AIC / BIC vs P-Values in lmer
Hi Andrew, Thanks very much for this, however, does this mean that the problems with interpreting the AIC value as explained by Phillip Dixon still apply?
1) the AIC calculated from the reml lnL only informs you about the fit of the random effects model. 2) the reml AIC can only be compared between models with the same fixed effects. Otherwise, the lnL is being calculated from different data (because different residuals with different X's).

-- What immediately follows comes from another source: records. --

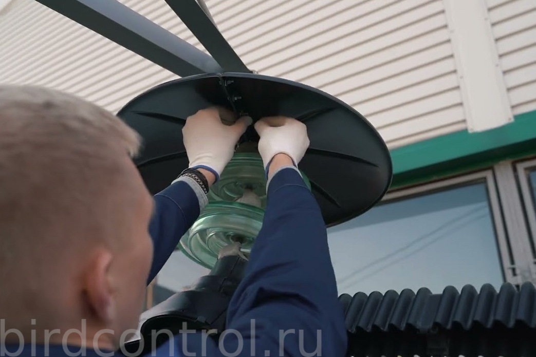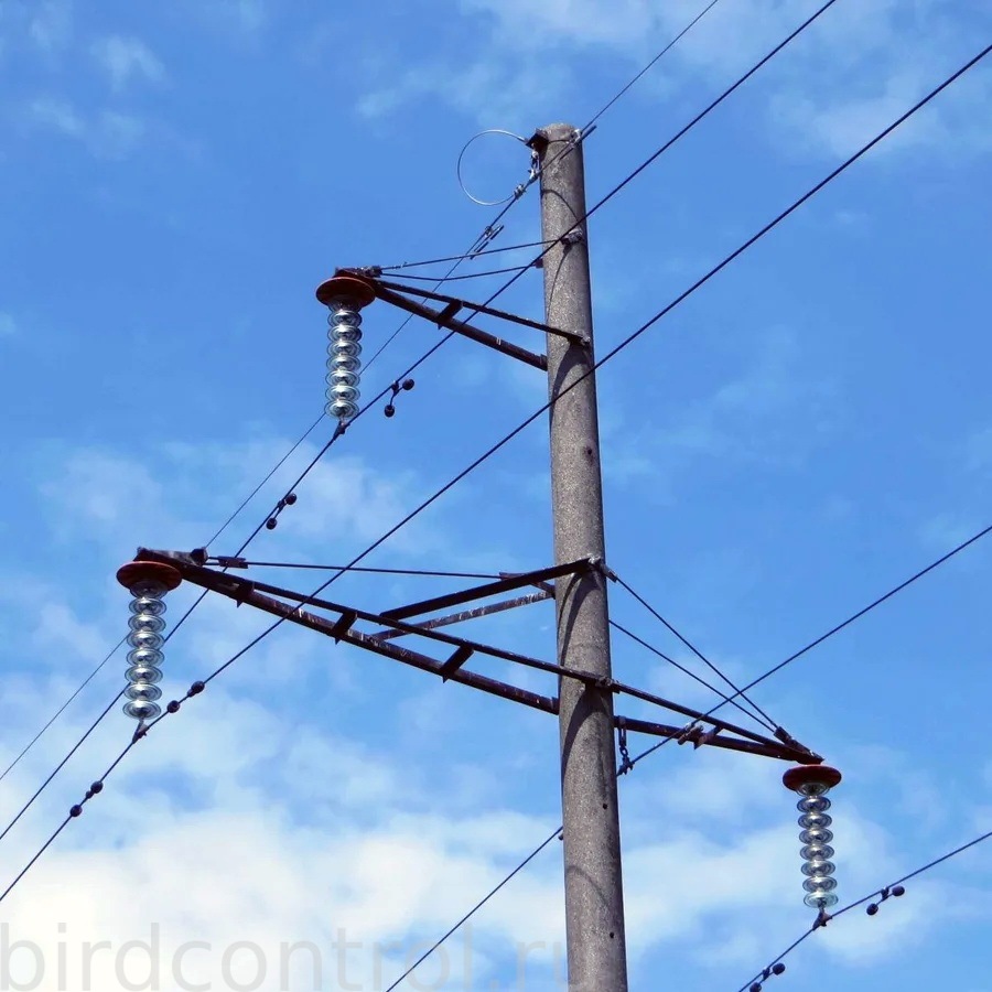 ПЗУ Барьерного типа, птицезащитное устройство барьерного типа, предназначенное для защиты изолирующих подвесок проводов в виде гирлянд стеклянных изоляторов или полимерных изоляторов от загрязнения и прямого перекрытия продуктами жизнедеятельности птиц.
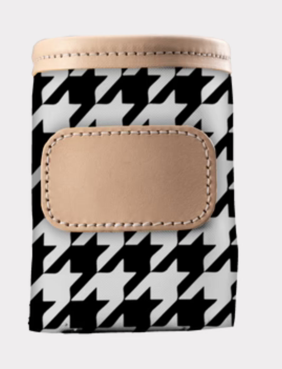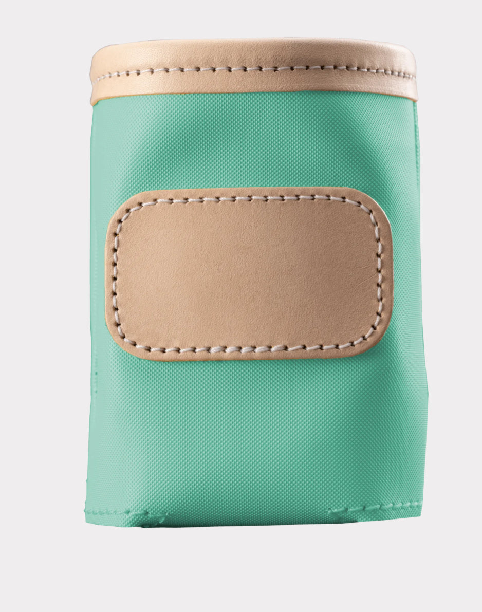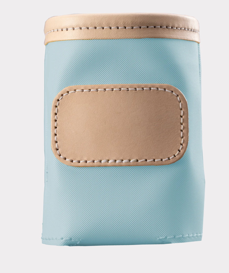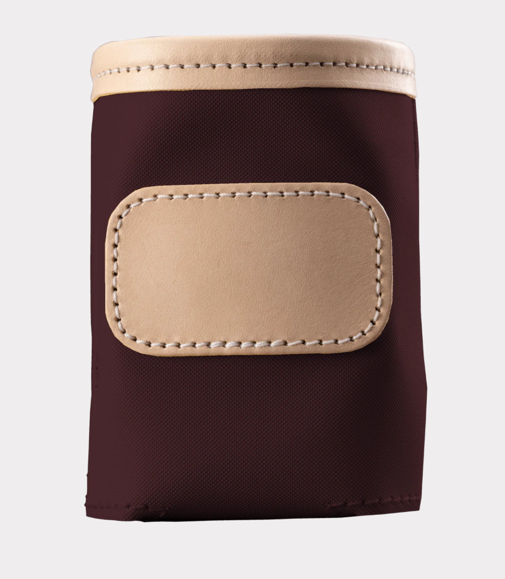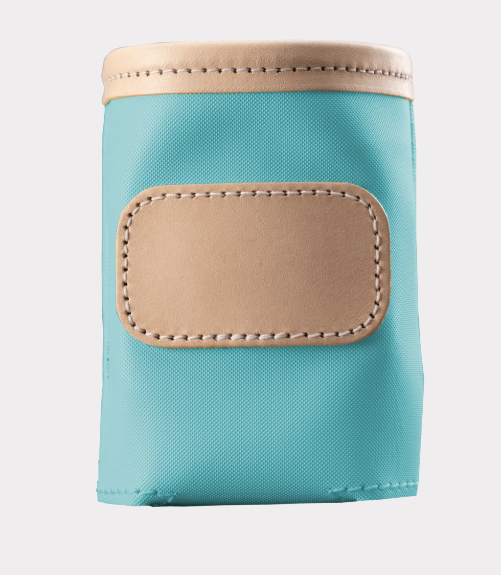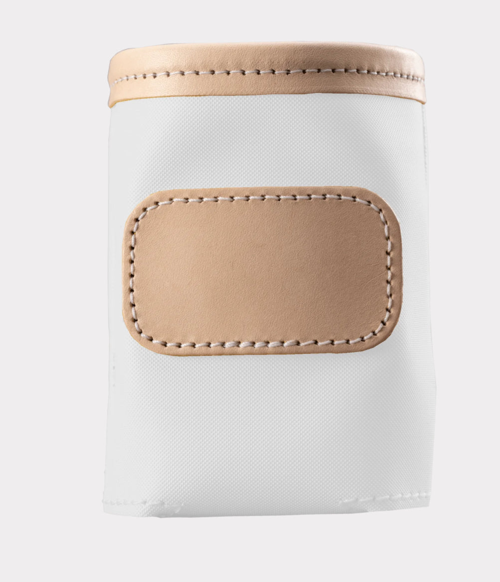 A new design for an old favorite. Keep your drinks cold with this insulated collapsible can cooler. Coated canvas with Natural Leather trim.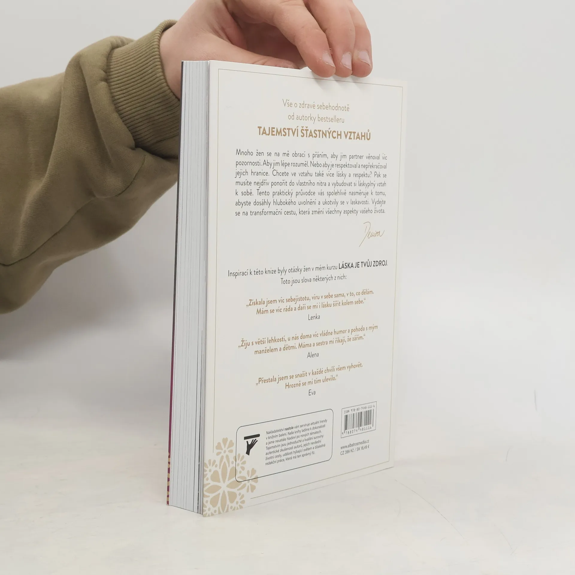 Vše o zdravé sebehodnotě. Průvodce od autorky bestselleru Tajemství šťastných vztahů. Mnoho žen se na mě obrací s přáním, aby jim partner věnoval více pozornosti. Aby jim lépe rozuměl. Nebo aby je respektoval a nepřekračoval jejich hranice. Chcete ve vztahu také více lásky a respektu? Pak se musíte nejdřív ponořit do vlastního nitra a vybudovat si láskyplný vztah k sobě. Tento praktický průvodce vás spolehlivě nasměruje k tomu, abyste dosáhly hlubokého uvolnění a ukotvily se v laskavosti. Vydejte se na transformační cestu, která změní všechny aspekty vašeho života.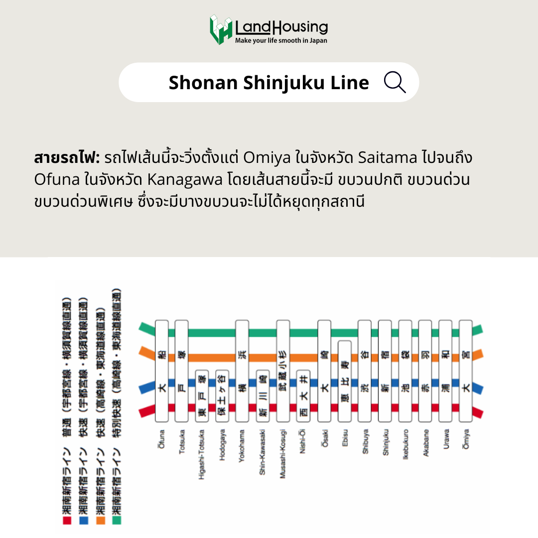 ในสถานีนี้มีรถไฟวิ่งผ่านถึง 4 สาย ได้แก่ 1. JR Keihin Tohoku Line รถไฟสายนี้วิ่งเส้นทางระยะยาว เริ่มจาก Omiya ในจังหวัด Saitama ผ่านสถานีหลักในโตเกียวอย่าง Ueno, Akihabara, Tokyo, Yurakucho, Shinagawa จนไปถึงสถานีสุดท้ายอย่าง Ofuna ในจังหวัด Kanagawa | 2. JR-SaiKyo Line สายรถไฟเส้นนี้จะวิ่งตั้งแต่สถานี Omiya ในจังหวัด Saiyama ไปยังสถานีหลักในตัวเมืองโตเกียว เช่น Ikebukuro, Shinjuku, Shibuya, Ebisu | 3.JR-Takasaki Line รถไฟเส้นนี้จะวิ่งตั้งแต่สถานี Takasaki ในจังหวัด Gunma ไปจนถึงสถานี Tokyo ในจังหวัด Tokyo และ 4.Shonan Shinjuku Line รถไฟเส้นนี้จะวิ่งตั้งแต่ Omiya ในจังหวัด Saitama ไปจนถึง Ofuna ในจังหวัด Kanagawa โดยเส้นสายนี้จะมี ขบวนปกติ ขบวนด่วน ขบวนด่วนพิเศษ ซึ่งจะมีบางขบวนจะไม่ได้หยุดทุกสถานี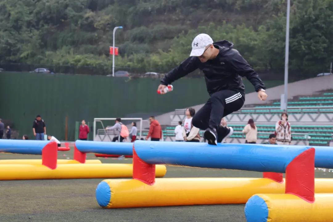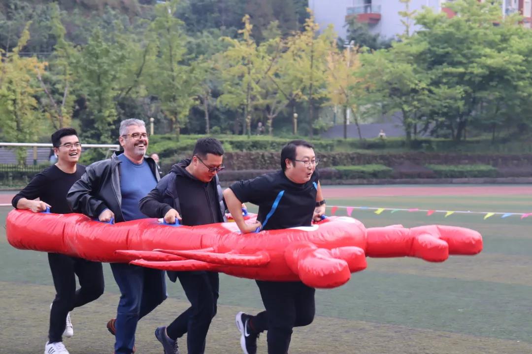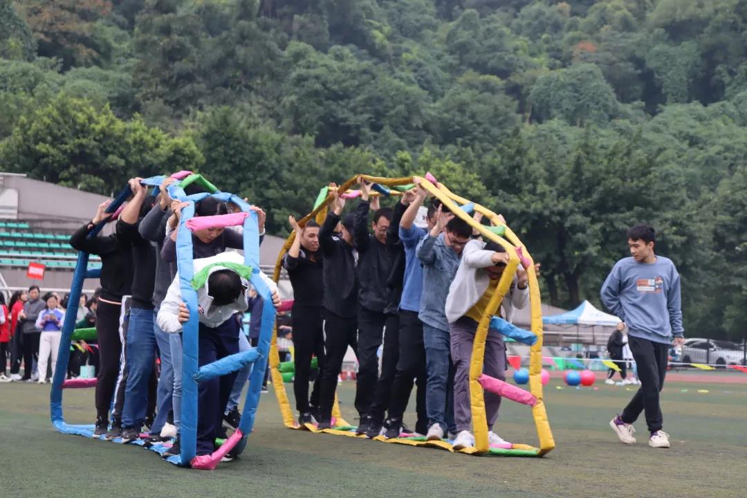 趣味健身活动设置了彩虹纵队、财源滚滚、超级障碍赛和皮皮虾四个集体项目。教职工们精神抖擞,配合默契,在响亮而富有节奏感的口号中,他们动作整齐划一,或匍匐穿梭,或托举道具迈着整齐的步伐前进。现场欢笑不断,将活动气氛推向高潮。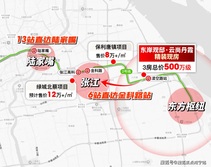 首先向西,川沙可经由2号线承接张江科学城高精尖人才置业需求。并且在唐镇站新房8万+/㎡,创新中路站7.4万+/㎡的背景下,均价约6.4万/㎡的的东岸观邸·云尚丹霞已经形成了巨大的剪头差。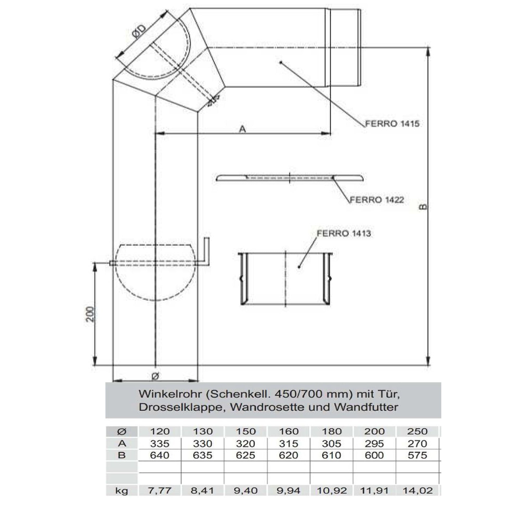 Winkelrohr Set Ferro-Lux vom Hersteller Jeremias ist zum Anschluß eines Kaminofens an einen Schornstein. Verbindungsleitung aus Stahlblech DC01 (ST12) mit eingezogener Steckverbindung, für den Einsatzbereich im Wohn- und Sichtbereich für den Anschluss an Kaminöfen.
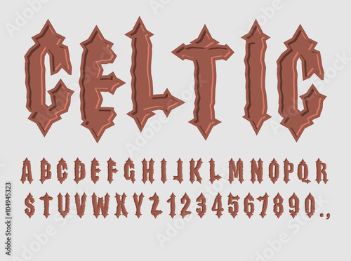 Celtic font. ancient alphabet. Set of letters and numbers. Old l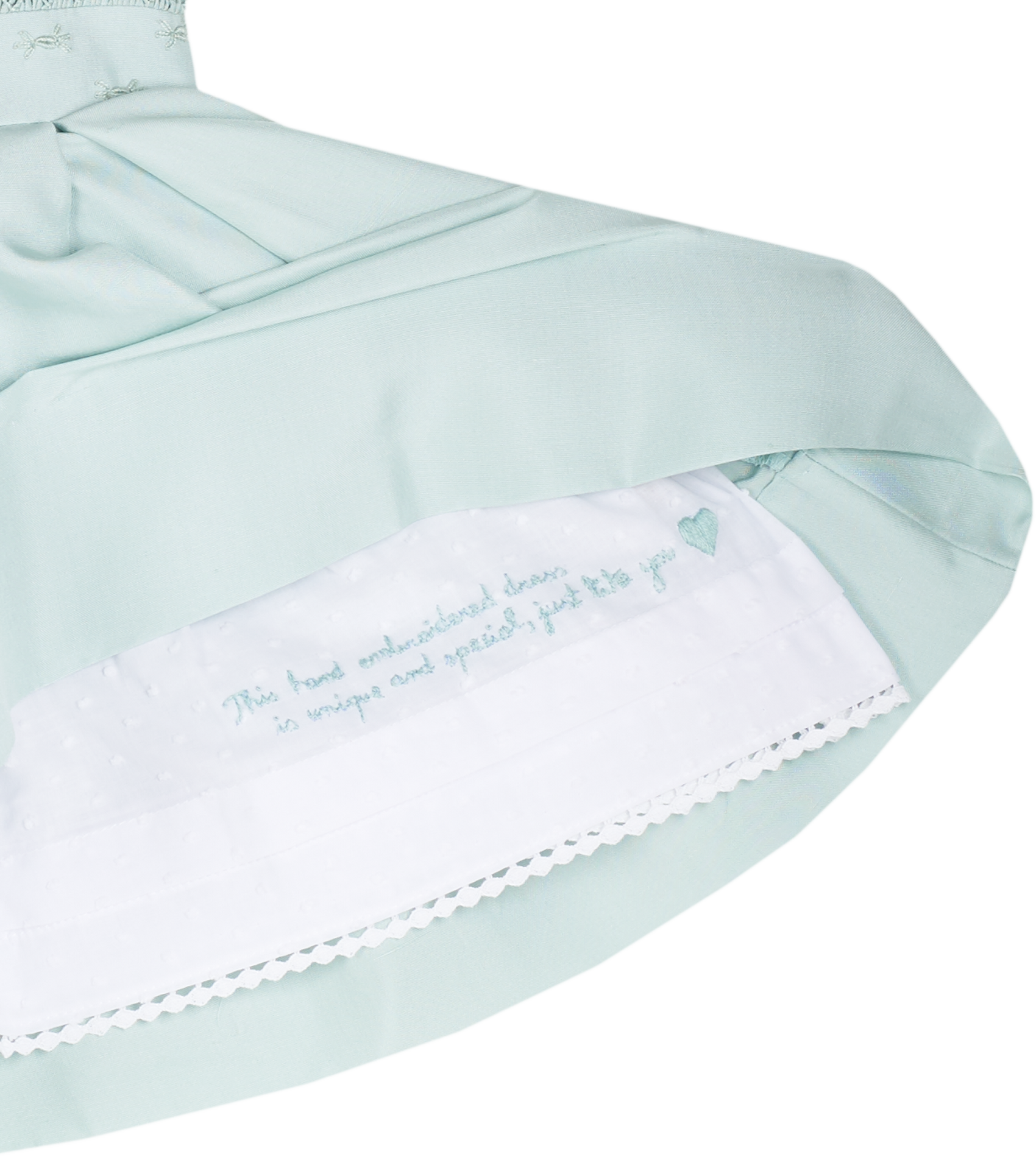 The dress is lined with 100% cotton, adorned with a crochet-trimmed lace hem, and features a hidden back zipper for a seamless silhouette. Adding a personal touch, each dress is embroidered along the lining hem with the message: “This hand-embroidered dress is unique and special, just like you.”

If so is there a work around using binomial data in lmer? Thanks Chris
On 5 Aug 2010, at 14:22, Crowe, Andrew wrote:
Chris/Ben The lack of effect of the REML parameter is simply explained by the fact you are fitting a binomial model. This causes the lmer call to default to a glmer call in which the REML parameter is ignored. I also note that you are specifying order/family in the random term, which I assume are the taxanomic definitions of family and order. As family is completey nested in order so that order:family is as unique as family, no additional variance is explained by order over family so I believe that you should just be able to specify (1|family) for your random intercept. Regards Andrew Dr Andrew Crowe Lancaster Environment Centre Lancaster University Lancaster LA1 4YQ UK ________________________________ From: r-sig-ecology-bounces at r-project.org on behalf of Chris Mcowen Sent: Thu 05/08/2010 2:04 PM To: Ben Bolker Cc: r-sig-ecology at r-project.org Subject: Re: [R-sig-eco] AIC / BIC vs P-Values in lmer I have just tried it with REML=FALSE and once again there is no difference in the AIC/BIC values between the two models? I have given two examples this time but have tried it with 10 models with no difference. Thanks, Chris 1 MODEL WITH REML=FALSE
model01 <- lmer(threatornot~1+(1|order/family) + seasonality + pollendispersal + breedingsystem*fruit + habit + lifeform + woodyness, family=binomial,REML=FALSE )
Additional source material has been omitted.